Indian Government to set up panel to study status of SC converts to Islam and Christianity

The Central Government will constitute a national commission to study the social, economic and educational status of members of Scheduled Castes or Dalits who have converted to religions other than Hinduism, Buddhism and Sikhism.

Key facts

  • This proposed commission is significant as several petitions are currently pending before the Supreme Court seeking SC reservation benefits for Dalits who have converted to Christianity or Islam.
  • The Constitution (Scheduled Castes) Order, 1950 under Article 341 states that no individual belonging to religion other than Hinduism, Sikhism or Buddhism can be recognized as a member of the Scheduled Caste.
  • The original order classified SC members belonging to only Hinduism. It was later amended in 1956 to include Sikhs and in 1990 to include Buddhists.
  • The proposed commission would have 3 to 4 members with its chairman being a Union Cabinet Minister.
  • It will be involved in the comprehensive analysis of the changes in status and situation of Dalits who have converted to Christianity or Islam.
  • It will also study the impact of adding more members into the current SC list.
  • It will not include members of STs and OBCs who have converted to Islam and Christianity.
  • This is because the STs receive benefit regardless of their religion and several Christian and Muslim communities are already benefited by being part of the central and states’ lists of OBCs.
  • SCs are currently given 15 per cent reservation for direct recruitment in central government jobs.

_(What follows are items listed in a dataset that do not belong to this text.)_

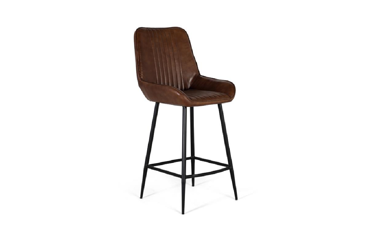 TABURETE TAPIZADO PIEL COLOR MARRÓN ACOLCHADO DISEÑO ERGONÓMICO Y PATAS HIERRO MED: 60 X 48 X 108 CM ALTO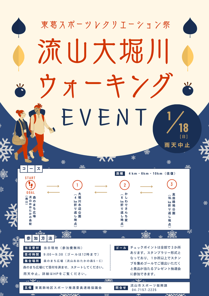 ショートコース(約4km)、ミドルコース(約6km)、ロングコース(約10km)から、自分の体力に合わせてコースを選べるウォーキングイベントを開催します。親子参加も大歓迎、ウォーキングイベントに参加して、みんなで美しい大堀川沿いを散策し健康で活気あふれた1日を過ごしましょう。スタンプラリー形式となっており、1カ所以上でスタンプを集めゴールでご提出いただくと景品が当たるプレゼント抽選会に参加できます。
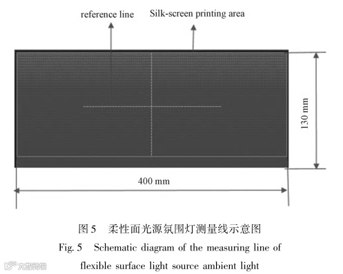 考虑到该柔性面光源氛围灯表层发光图案较为复杂,在进行亮度及均匀性的测量时取点较为困难,为保证亮度和均匀性测量的效率,故以硅胶导光板出光面为测量面,同时在导光板水平中线以及垂直中线上各截取长度为160mm、80mm的线段作为测量线,如图5所示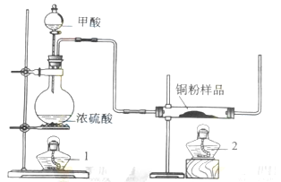 (11分)現(xiàn)擬用下圖所示裝置(尾氣處理部分略)來制取一氧化碳,并用以測定某銅粉樣品(混有CuO粉末)中金屬銅的含量。![]()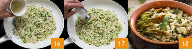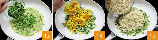 Wenn die Zucchini anfängt weich zu werden, fügen Sie das Basilikum hinzu 13. Braten Sie die Zutaten ein paar Sekunden bei starker Hitze an und fügen Sie sofort danach die gehackten Kürbisblüten hinzu 14, lassen Sie alles bei mittlerer Hitze ein paar Minuten kochen, bis die Kürbisblüten zart sind. Fügen Sie schließlich die zuvor gekochte Gerste zur Mischung hinzu 15, kochen Sie alles 2 Minuten bei hoher Hitze.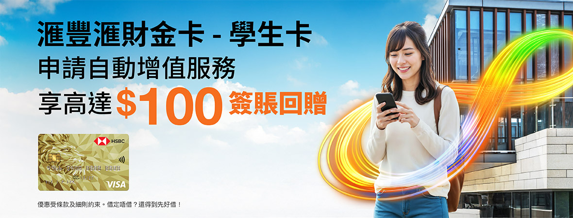 - 汇丰汇财金卡- 学生卡迎新优惠受条款及细则约束,详情请按此。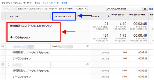 もともとある「すべてのセッション」セグメントは左側にあり(図7赤枠部分)、追加で選択したセグメントは右側に追加(図7青枠部分)されていく。下の図5(再掲)はこの状態で、レポート下部の一覧表示部分を示している。「すべてのセッション」セグメント、「新規訪問でコンバージョンしたセッション」セグメントの順に表示されているのがわかるだろう。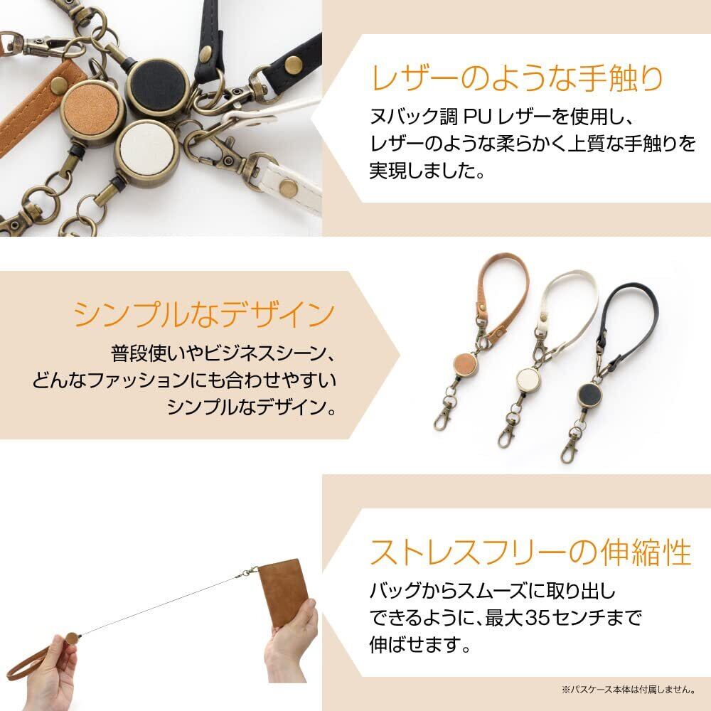 [Pretimo] リールストラップ リール付き 伸びるキーホルダー リールキーホルダー キーリール レディース メンズ PUレザー 白 黒 茶色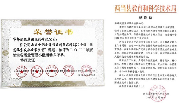 “干一个项目,树一座丰碑。”该项目的工程品质能力得到了各级单位及业主的认可,荣获甘肃省质量管理QC成果三等奖,同时项目使用单位也送来表扬信,表达对伟德体育官方网站集团工程建设能力的肯定。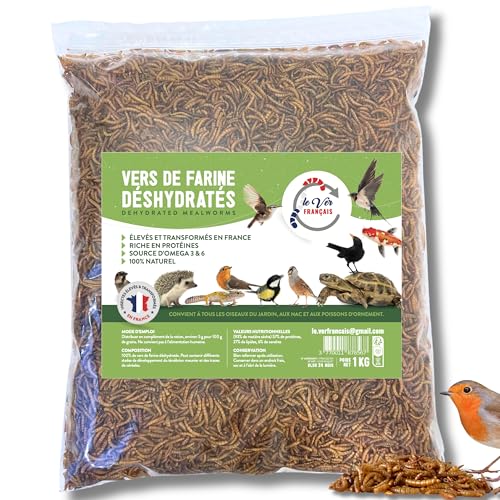 torkade mjölmaskar uppfödda i Frankrike, proteinrik 55 % - godis för fåglar, fiskar, igelkottar, reptiler, gnagare, sköldpaddor - fodertillskott för djur 100 % naturligt (1 kg)

Ranganath Misra Commission

The National Commission for Religious and Linguistic Minorities headed by the former Chief Justice of India Justice Ranganath Misra was set up in 2004 to recommend ways to ensure welfare of socially and economically backward sections among linguistic and religious minorities in India. This commission recommended the complete delinking of SC status from religion and make it religion-neutral like STs. This recommendation was not adopted as it did not have sufficient backing from field studies.